### What you have to do
Transcribe the full listing without changing a word, and omit its pictures.

### Given data
--*--

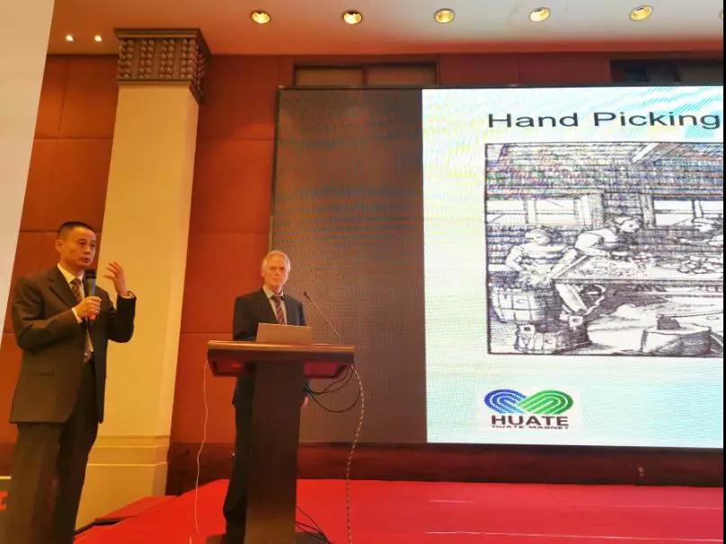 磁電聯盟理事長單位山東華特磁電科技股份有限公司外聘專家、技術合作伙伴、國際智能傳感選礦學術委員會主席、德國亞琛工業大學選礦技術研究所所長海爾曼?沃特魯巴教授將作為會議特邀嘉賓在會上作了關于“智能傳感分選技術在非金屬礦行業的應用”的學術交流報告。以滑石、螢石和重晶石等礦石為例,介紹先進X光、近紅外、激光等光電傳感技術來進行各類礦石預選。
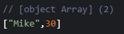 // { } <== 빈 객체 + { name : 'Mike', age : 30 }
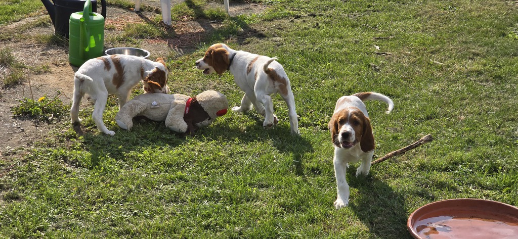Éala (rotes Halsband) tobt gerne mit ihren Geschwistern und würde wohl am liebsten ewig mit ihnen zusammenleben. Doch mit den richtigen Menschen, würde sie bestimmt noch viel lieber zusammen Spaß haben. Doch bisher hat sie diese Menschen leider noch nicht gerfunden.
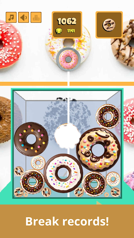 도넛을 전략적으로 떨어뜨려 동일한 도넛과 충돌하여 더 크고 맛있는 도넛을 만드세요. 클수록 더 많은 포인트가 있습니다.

--*--

### The answer
 磁電聯盟理事長單位山東華特磁電科技股份有限公司外聘專家、技術合作伙伴、國際智能傳感選礦學術委員會主席、德國亞琛工業大學選礦技術研究所所長海爾曼?沃特魯巴教授將作為會議特邀嘉賓在會上作了關于“智能傳感分選技術在非金屬礦行業的應用”的學術交流報告。以滑石、螢石和重晶石等礦石為例,介紹先進X光、近紅外、激光等光電傳感技術來進行各類礦石預選。
 // { } <== 빈 객체 + { name : 'Mike', age : 30 }
Éala (rotes Halsband) tobt gerne mit ihren Geschwistern und würde wohl am liebsten ewig mit ihnen zusammenleben. Doch mit den richtigen Menschen, würde sie bestimmt noch viel lieber zusammen Spaß haben. Doch bisher hat sie diese Menschen leider noch nicht gerfunden.
 도넛을 전략적으로 떨어뜨려 동일한 도넛과 충돌하여 더 크고 맛있는 도넛을 만드세요. 클수록 더 많은 포인트가 있습니다.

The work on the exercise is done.